- Provided information -
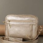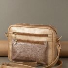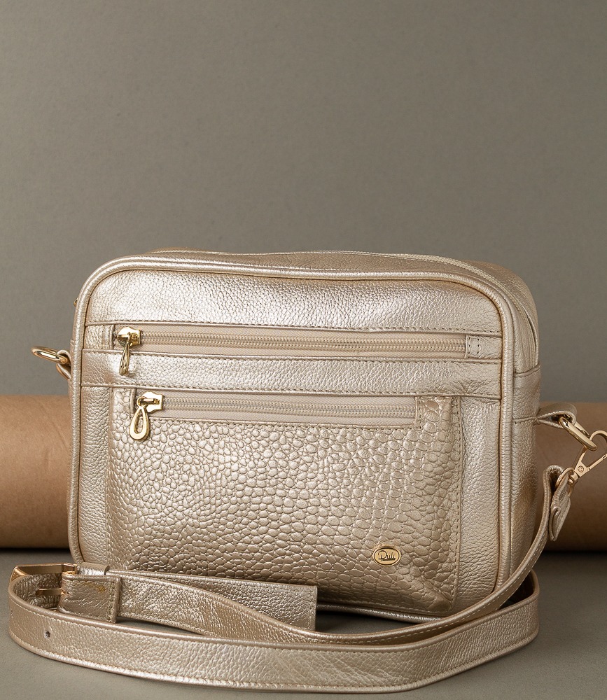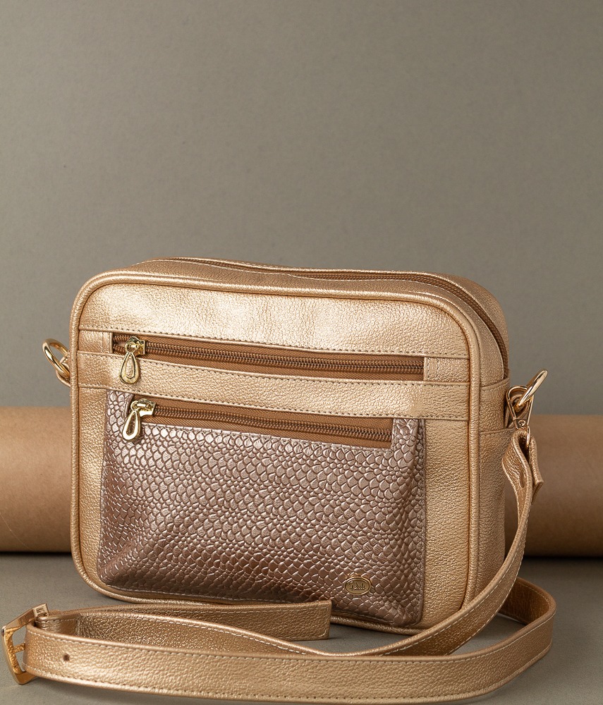 Material de cuero con textura suave; la parte frontal incluye un bolsillo con textura que añade un toque de moda y contraste visual. Cuenta con bolsillo delantero con cremallera, perfecto para objetos que necesitas a mano (celular, llaves, tarjetas); bolsillo principal con cremallera amplio para guardar tus esenciales diarios (billetera, maquillaje, gafas, etc.); cremalleras metálicas doradas que suman un detalle elegante y seguro; correa larga ajustable para llevar cruzado o al hombro, lo que aporta comodidad y versatilidad durante todo el día. El tamaño mediano lo bastante espacioso para el día a día, sin ser voluminoso.
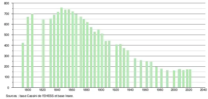 L'évolution du nombre d'habitants est connue à travers les recensements de la population effectués dans la commune depuis 1793. Pour les communes de moins de 10 000 habitants, une enquête de recensement portant sur toute la population est réalisée tous les cinq ans, les populations légales des années intermédiaires étant quant à elles estimées par interpolation ou extrapolation[27]. Pour la commune, le premier recensement exhaustif entrant dans le cadre du nouveau dispositif a été réalisé en 2007[28].
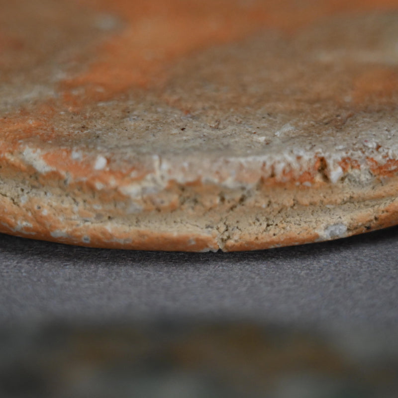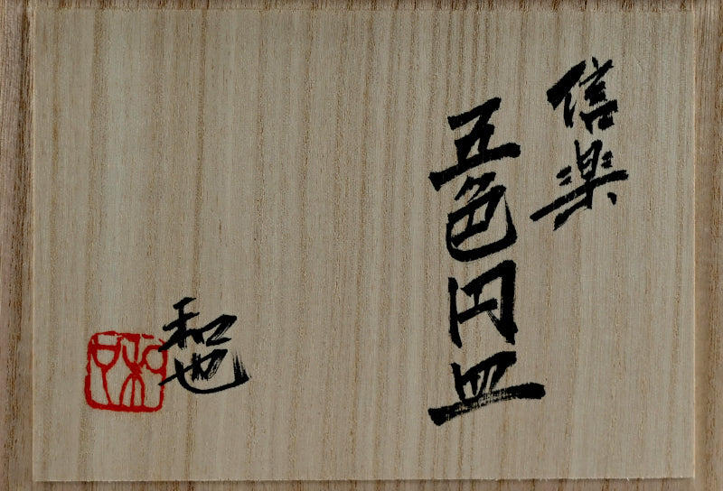 A set of five small slab plates, each with unique firing effects, by Furutani Kazuya enclosed in the original signed wooden box titled Shigaraki Goshoku Enzara. The artist has striven to achieve five unique kiln effects on the set, both by placement, temperature and multiple firing. From spare Hishoku to smokey molten ash and every shade between, a unique look into the world of Shigaraki Ceramic Artistry. Each plate is roughly 15 cm (6 inches) diameter, 1.5 cm (5/8 inch) thick and all are in excellent condition, directly from the artist.
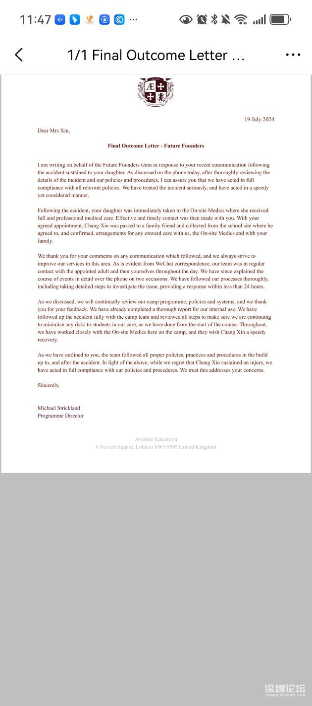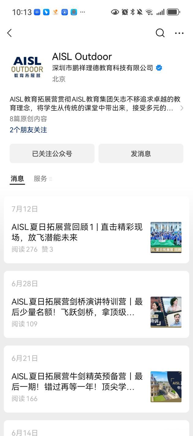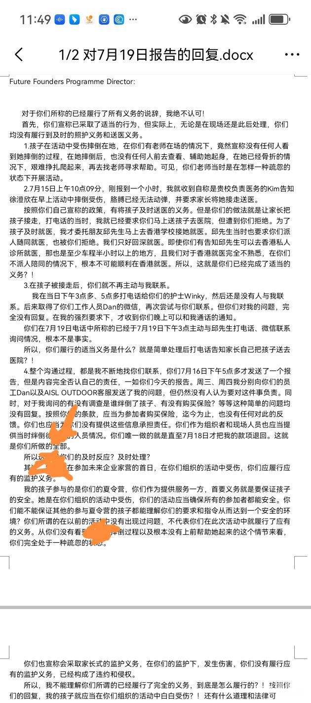 我们通过深圳市鹏祥理德教育科技有限公司设置的公众号推送的AISL教育拓展营 未来企业家营活动,经咨询过其客服后,通过网购方式购买了2024年7月15日-20日在香港的营期活动。2024年7月15日早上,把孩子送到指定的香港哈罗国际学校,宣讲完后,孩子在参加他们组织的活动不到5分钟时间,就严重摔伤骨折。但摔伤当时,没有老师协助她起来,在孩子挣扎起身后寻求老师帮助,他们做了简单处理,就要求家长把孩子接回,而不是马上将孩子送去医院治疗。在家长不得不自深赴港接回孩子治疗后,未再主动联系我们。在家长近一周不断尝试与他们沟通后,他们才勉强回应,退回了学费。孩子称在活动中,有人从后方绊倒了她,导致她腾空后摔倒。但多次交涉后,他们既不能提供现场视频,也不调查到底是谁摔伤了孩子,也不告知是否购买保险等等事宜。仅仅认为他们已经做了一切,不需要承担责任。孩子单独参加研学期间,提供服务方就是第一监护人,他们对于孩子受伤应当承担责任,且应当给与赔偿。在他们已经拒绝道歉赔偿和一切沟通后,我们强烈要求对于深圳市鹏祥理德教育科技有限公司的这种冷漠无情做法予以曝光!
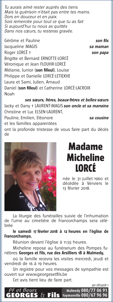 Décédée à Verviers (4800) le mardi 13 février 2018 à l'âge de 57 ans
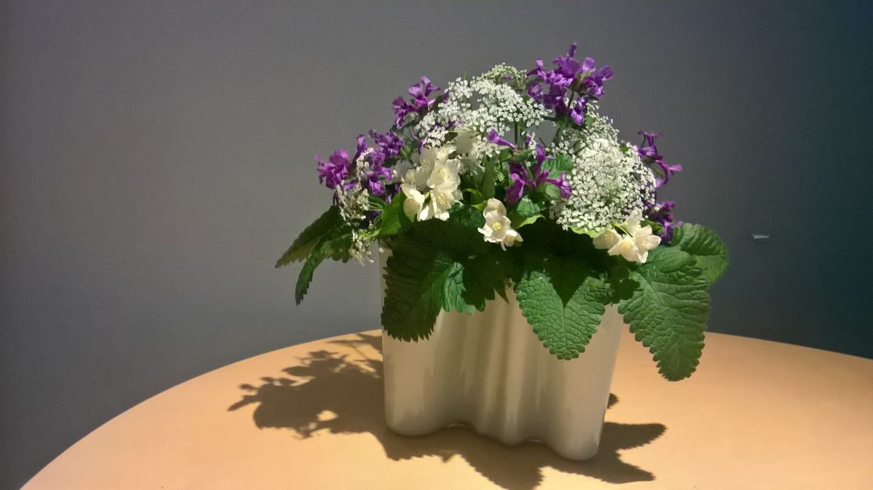 Sain ystävältäni aaltomaljakon josta hän ei itse pitänyt. Hänen mielestään siihen oli vaikea tehdä kukka-asetelmaa tai että niitä kukkia olisi pitänyt olla niin paljon. Otin tämän haasteena.... Sain häneltä kimpun jasmikkeita, joita täydensin mummon mökin pihastani poimimillani jalopähkämön kukilla ja lehdillä sekä koiranputkella. Lopputulos sai ihastelua häneltäkin ☺
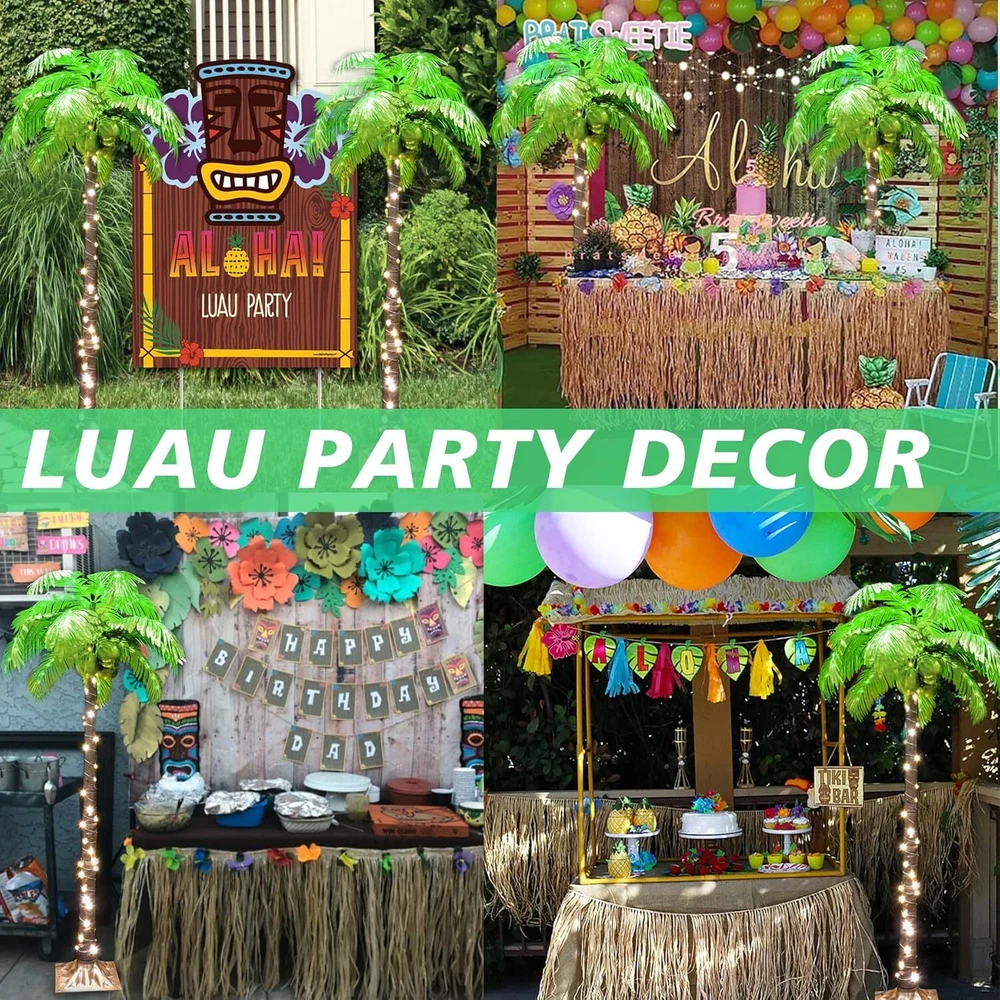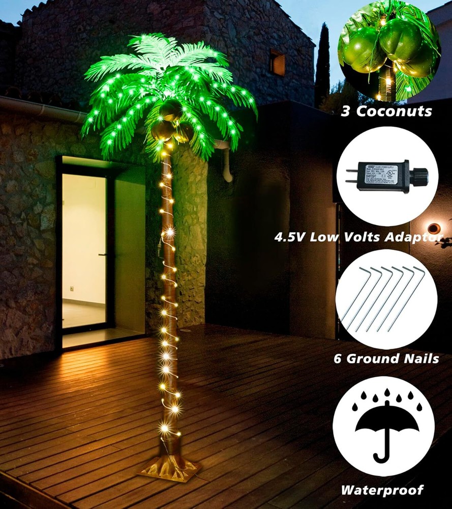 6 FT LED Lighted Palm Tree with Coconuts Outdoor Artificial Palm Tree Tropical Palm Tree Lights for Patio Pool Hawaiian Luau Jungle Party Tiki Bar Christmas Indoor Decoration Prelit Palm Tree with 3 Coconuts: The palm tree is designed by brown straight trunk and green palm fronds with LED lights. This coconut tree can add some tropical style to your patio, pool, Hawaiian party, tiki bar, Palm Sunday, Christmas decoration, etc Artificial palm tree for Outside & Inside Decor: Artificial palm tree is powered by 4.5 V low voltage adaptor, which is more safe. Designed with long life span LED lights, more save-energy. IP44 waterproof functions make it more suitable for outside use Specification: The lighted palm tree for outside decoration is 6 FT height, designed with LED lights, include green led lights hidden in the fabric leaves, and warm white led lights attached to the brown trunk Easy to Assemble: It is very easy to assemble and looks terrific. You just need screw the trunk into the base, and separately connect 2 trunks and the male & female plug.Then shape the leaves as you want Widely Application: Wherever on the beach, swimming pool, yard, garden, party, home, indoor or outdoor, And whenever winter or summer, daytime or holiday, always bring you the Hawaiian travel happiness Product Dimensions 28"D x 28"W x 72"H Color Warm White Material Polyvinyl Chloride Item Package Quantity 1 Recommended Uses For Product Decoration Occasion Summer Hawaiian Luau Party, Christmas, Indoor & Outdoor, Patio、Yard、Garden, Pool、Beach Special Feature Plug In Adapter, Outside Patio, pool, beach, Summer Hawaiian Party, Inddor Outdoor Decoorations, IP44 Waterproof, Tropical palm tree with coconuts, Easy to Assemble Plug In Adapter, Outside Patio, pool, beach, Summer Hawaiian Party, Inddor Outdoor Decoorations, IP44 Waterproof, Tropical palm tree with coconuts, Easy to Assemble Seasons Summer, All Seasons Tree Type palm
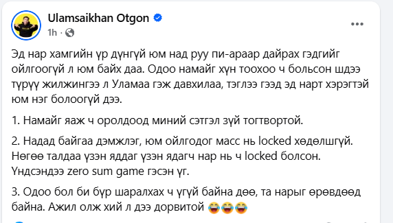 Тэгвэл О.Уламсайхан эл асуудалтай холбоотойгоор өөрийнхөө цахим хаягт байр сууриа илэрхийлжээ. Тэрээр ямар ч сэтгэл зүйн дайралтыг даваад гарах чадалтай хэмээн мэдэгдсэн байна.
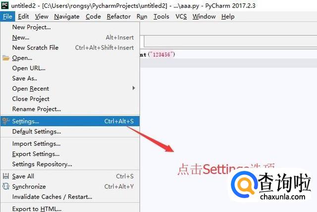 然后我们点击顶部的File菜单,接着选择下拉菜单中的Settings选项,如下图所示

- Problem requirements -
Please keep every line of the data the same when you reproduce it, and keep every picture out.

- Solution -
 Material de cuero con textura suave; la parte frontal incluye un bolsillo con textura que añade un toque de moda y contraste visual. Cuenta con bolsillo delantero con cremallera, perfecto para objetos que necesitas a mano (celular, llaves, tarjetas); bolsillo principal con cremallera amplio para guardar tus esenciales diarios (billetera, maquillaje, gafas, etc.); cremalleras metálicas doradas que suman un detalle elegante y seguro; correa larga ajustable para llevar cruzado o al hombro, lo que aporta comodidad y versatilidad durante todo el día. El tamaño mediano lo bastante espacioso para el día a día, sin ser voluminoso.
 L'évolution du nombre d'habitants est connue à travers les recensements de la population effectués dans la commune depuis 1793. Pour les communes de moins de 10 000 habitants, une enquête de recensement portant sur toute la population est réalisée tous les cinq ans, les populations légales des années intermédiaires étant quant à elles estimées par interpolation ou extrapolation[27]. Pour la commune, le premier recensement exhaustif entrant dans le cadre du nouveau dispositif a été réalisé en 2007[28].
 A set of five small slab plates, each with unique firing effects, by Furutani Kazuya enclosed in the original signed wooden box titled Shigaraki Goshoku Enzara. The artist has striven to achieve five unique kiln effects on the set, both by placement, temperature and multiple firing. From spare Hishoku to smokey molten ash and every shade between, a unique look into the world of Shigaraki Ceramic Artistry. Each plate is roughly 15 cm (6 inches) diameter, 1.5 cm (5/8 inch) thick and all are in excellent condition, directly from the artist.
 我们通过深圳市鹏祥理德教育科技有限公司设置的公众号推送的AISL教育拓展营 未来企业家营活动,经咨询过其客服后,通过网购方式购买了2024年7月15日-20日在香港的营期活动。2024年7月15日早上,把孩子送到指定的香港哈罗国际学校,宣讲完后,孩子在参加他们组织的活动不到5分钟时间,就严重摔伤骨折。但摔伤当时,没有老师协助她起来,在孩子挣扎起身后寻求老师帮助,他们做了简单处理,就要求家长把孩子接回,而不是马上将孩子送去医院治疗。在家长不得不自深赴港接回孩子治疗后,未再主动联系我们。在家长近一周不断尝试与他们沟通后,他们才勉强回应,退回了学费。孩子称在活动中,有人从后方绊倒了她,导致她腾空后摔倒。但多次交涉后,他们既不能提供现场视频,也不调查到底是谁摔伤了孩子,也不告知是否购买保险等等事宜。仅仅认为他们已经做了一切,不需要承担责任。孩子单独参加研学期间,提供服务方就是第一监护人,他们对于孩子受伤应当承担责任,且应当给与赔偿。在他们已经拒绝道歉赔偿和一切沟通后,我们强烈要求对于深圳市鹏祥理德教育科技有限公司的这种冷漠无情做法予以曝光!
 Décédée à Verviers (4800) le mardi 13 février 2018 à l'âge de 57 ans
 Sain ystävältäni aaltomaljakon josta hän ei itse pitänyt. Hänen mielestään siihen oli vaikea tehdä kukka-asetelmaa tai että niitä kukkia olisi pitänyt olla niin paljon. Otin tämän haasteena.... Sain häneltä kimpun jasmikkeita, joita täydensin mummon mökin pihastani poimimillani jalopähkämön kukilla ja lehdillä sekä koiranputkella. Lopputulos sai ihastelua häneltäkin ☺
 6 FT LED Lighted Palm Tree with Coconuts Outdoor Artificial Palm Tree Tropical Palm Tree Lights for Patio Pool Hawaiian Luau Jungle Party Tiki Bar Christmas Indoor Decoration Prelit Palm Tree with 3 Coconuts: The palm tree is designed by brown straight trunk and green palm fronds with LED lights. This coconut tree can add some tropical style to your patio, pool, Hawaiian party, tiki bar, Palm Sunday, Christmas decoration, etc Artificial palm tree for Outside & Inside Decor: Artificial palm tree is powered by 4.5 V low voltage adaptor, which is more safe. Designed with long life span LED lights, more save-energy. IP44 waterproof functions make it more suitable for outside use Specification: The lighted palm tree for outside decoration is 6 FT height, designed with LED lights, include green led lights hidden in the fabric leaves, and warm white led lights attached to the brown trunk Easy to Assemble: It is very easy to assemble and looks terrific. You just need screw the trunk into the base, and separately connect 2 trunks and the male & female plug.Then shape the leaves as you want Widely Application: Wherever on the beach, swimming pool, yard, garden, party, home, indoor or outdoor, And whenever winter or summer, daytime or holiday, always bring you the Hawaiian travel happiness Product Dimensions 28"D x 28"W x 72"H Color Warm White Material Polyvinyl Chloride Item Package Quantity 1 Recommended Uses For Product Decoration Occasion Summer Hawaiian Luau Party, Christmas, Indoor & Outdoor, Patio、Yard、Garden, Pool、Beach Special Feature Plug In Adapter, Outside Patio, pool, beach, Summer Hawaiian Party, Inddor Outdoor Decoorations, IP44 Waterproof, Tropical palm tree with coconuts, Easy to Assemble Plug In Adapter, Outside Patio, pool, beach, Summer Hawaiian Party, Inddor Outdoor Decoorations, IP44 Waterproof, Tropical palm tree with coconuts, Easy to Assemble Seasons Summer, All Seasons Tree Type palm
 Тэгвэл О.Уламсайхан эл асуудалтай холбоотойгоор өөрийнхөө цахим хаягт байр сууриа илэрхийлжээ. Тэрээр ямар ч сэтгэл зүйн дайралтыг даваад гарах чадалтай хэмээн мэдэгдсэн байна.
 然后我们点击顶部的File菜单,接着选择下拉菜单中的Settings选项,如下图所示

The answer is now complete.